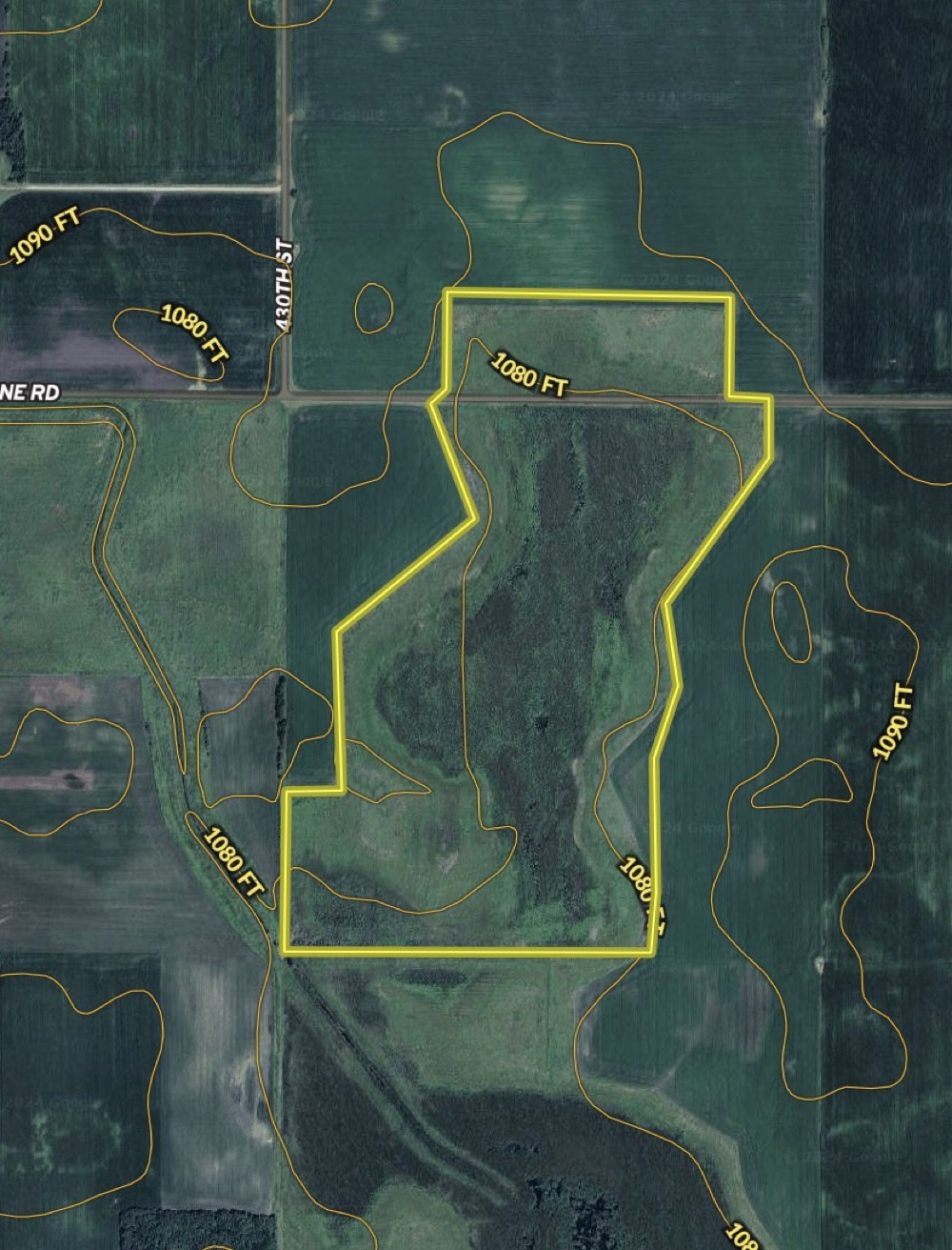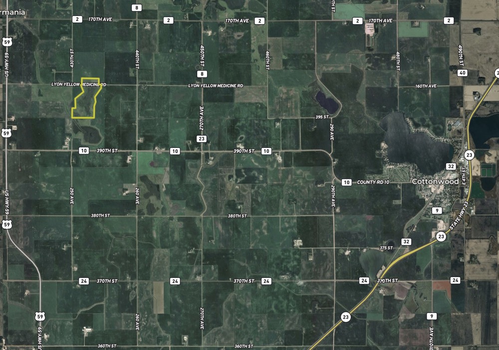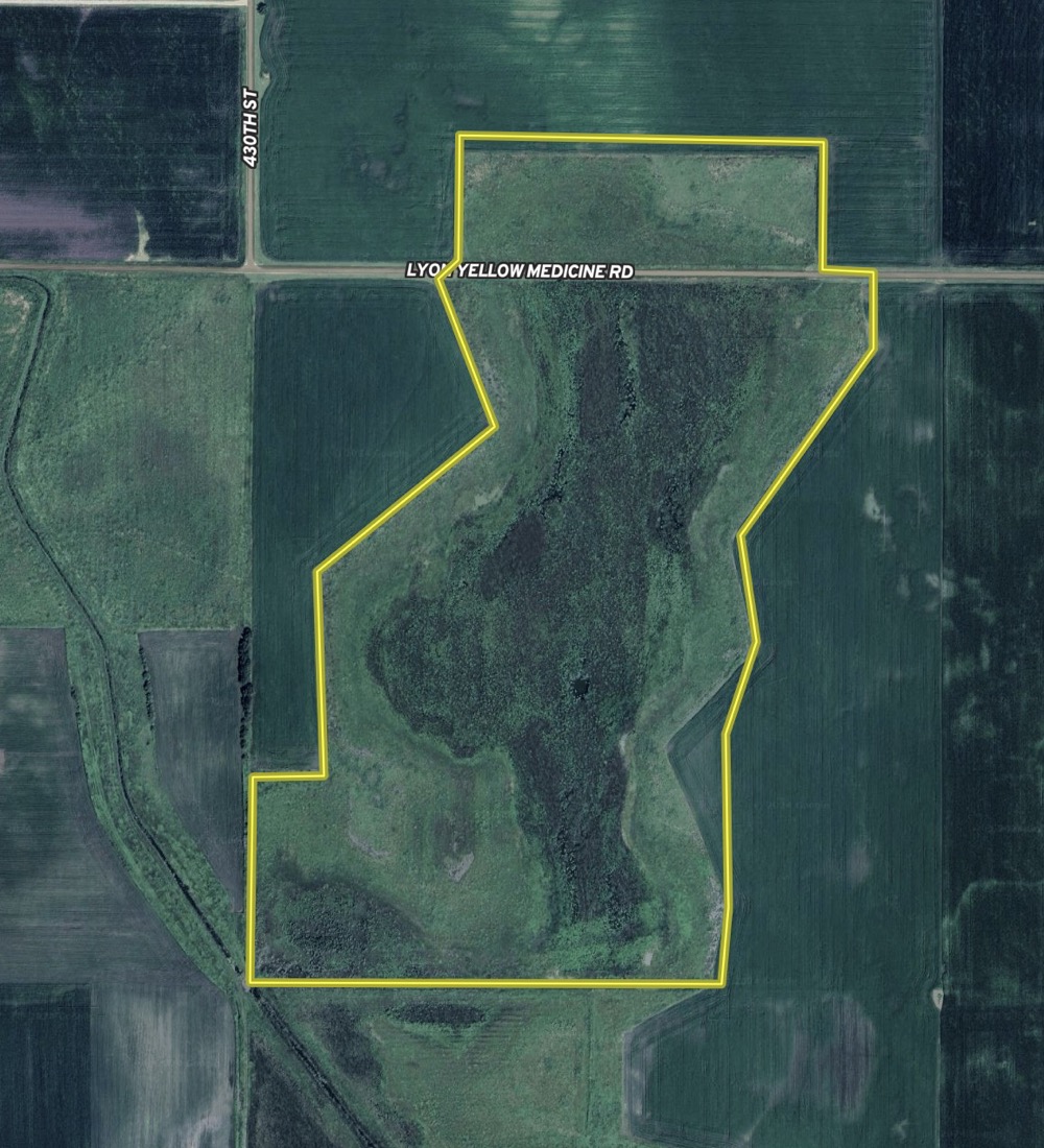 16.1 surveyed acres are north of Lyon Yellow Medicine Road, which means they are in Yellow Medicine County. The other 94.91 surveyed acres are south of the road in Lyon County.
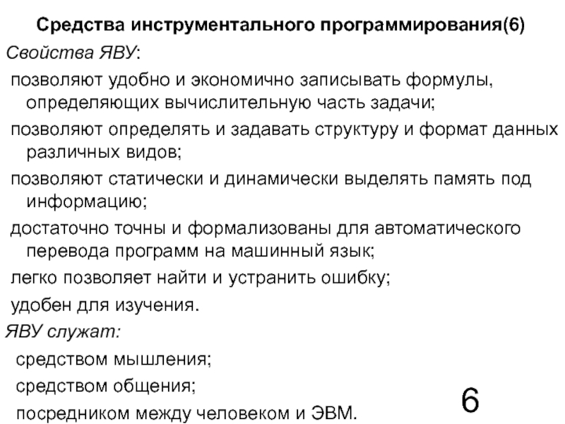 Создание ЯВУ позволило предоставить программистам средства значительно более гибкой и разнообразной структуры.
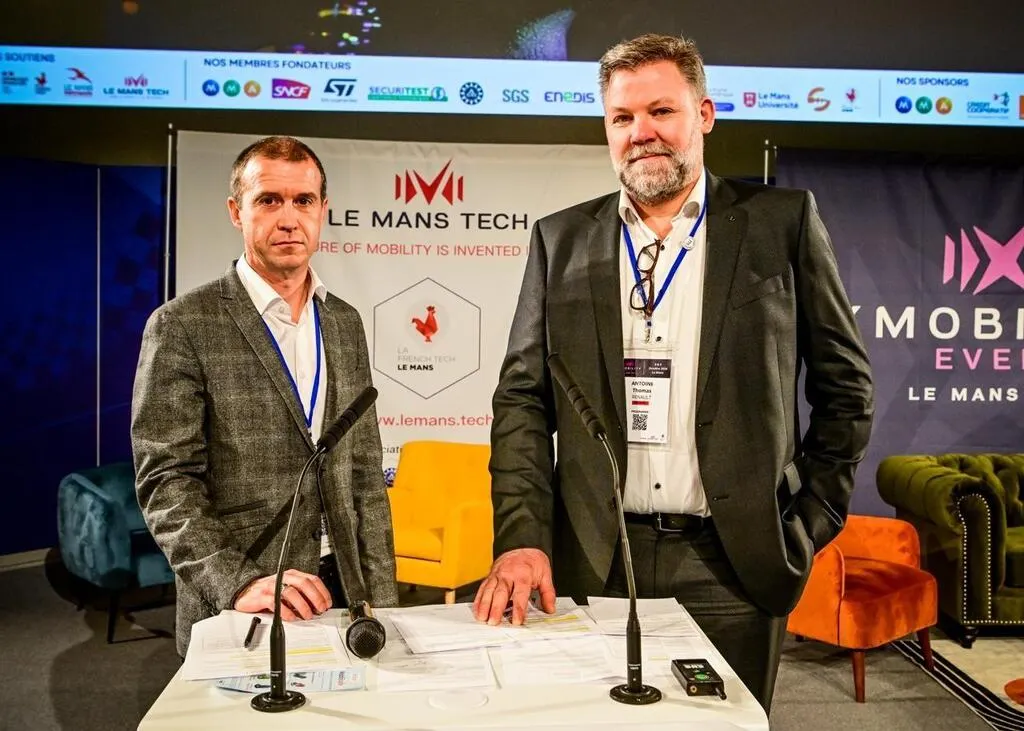 À l’occasion du salon X-Mobility, Philippe Barrière de l’entreprise Colas et Thomas Antoine du groupe Renault ont présenté le projet Apache, qui permettra d’identifier les routes bruyantes et de prévoir leur réfection avec un enrobé innovant. © Photo Le Maine Libre – Yvon LOUÉ
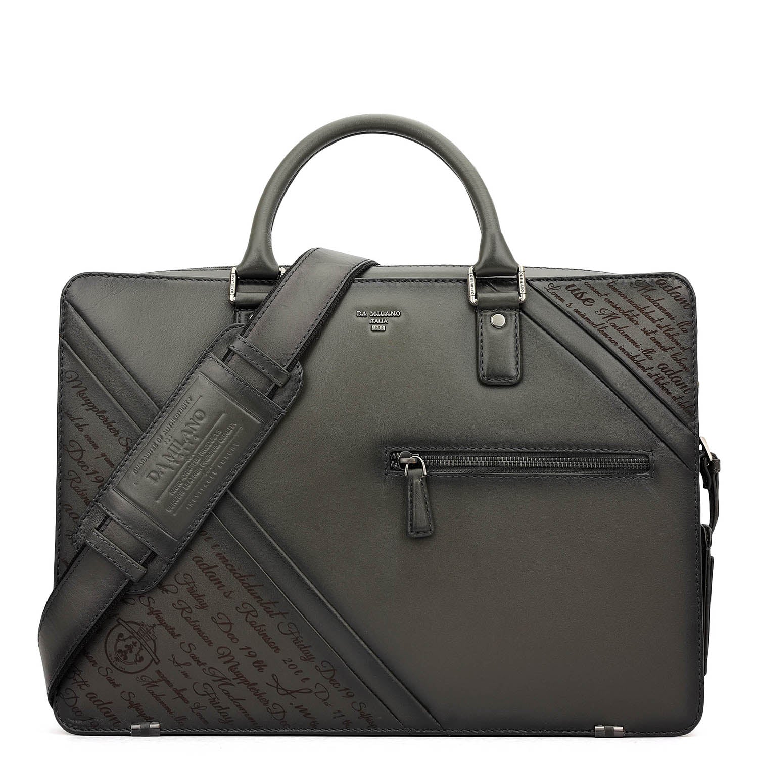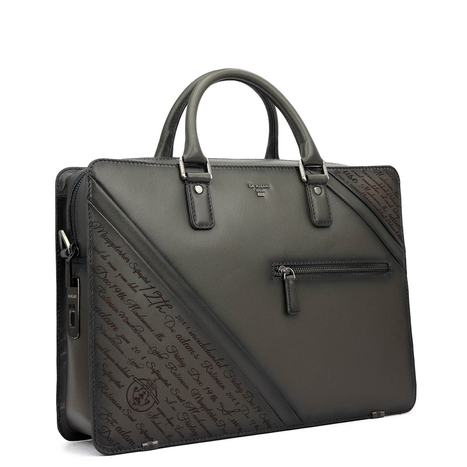 The Signato Laptop Bag is crafted in a refined grey tone, defined by its structured silhouette and contemporary detailing that brings a modern, tech-forward edge to everyday work essentials. Designed for secure and efficient organisation, it blends professional styling with smart functionality. Secured with a combination of zipper and biometric lock closure, the interior features a main compartment along with a dedicated laptop compartment that fits up to a 14-inch device. It is complemented by two open pockets, a zip pocket, four card slots, and two pen holders for streamlined organisation. The exterior includes a zip pocket for quick-access essentials, along with a built-in USB Type-C cable and a luggage sleeve, making it an ideal companion for work, travel, and on-the-go convenience.

★ ★ ★ ★

_WHAT TO PRODUCE_
Retype the data exactly; images stay out.

_REPLY_
 16.1 surveyed acres are north of Lyon Yellow Medicine Road, which means they are in Yellow Medicine County. The other 94.91 surveyed acres are south of the road in Lyon County.
 Создание ЯВУ позволило предоставить программистам средства значительно более гибкой и разнообразной структуры.
 À l’occasion du salon X-Mobility, Philippe Barrière de l’entreprise Colas et Thomas Antoine du groupe Renault ont présenté le projet Apache, qui permettra d’identifier les routes bruyantes et de prévoir leur réfection avec un enrobé innovant. © Photo Le Maine Libre – Yvon LOUÉ
 The Signato Laptop Bag is crafted in a refined grey tone, defined by its structured silhouette and contemporary detailing that brings a modern, tech-forward edge to everyday work essentials. Designed for secure and efficient organisation, it blends professional styling with smart functionality. Secured with a combination of zipper and biometric lock closure, the interior features a main compartment along with a dedicated laptop compartment that fits up to a 14-inch device. It is complemented by two open pockets, a zip pocket, four card slots, and two pen holders for streamlined organisation. The exterior includes a zip pocket for quick-access essentials, along with a built-in USB Type-C cable and a luggage sleeve, making it an ideal companion for work, travel, and on-the-go convenience.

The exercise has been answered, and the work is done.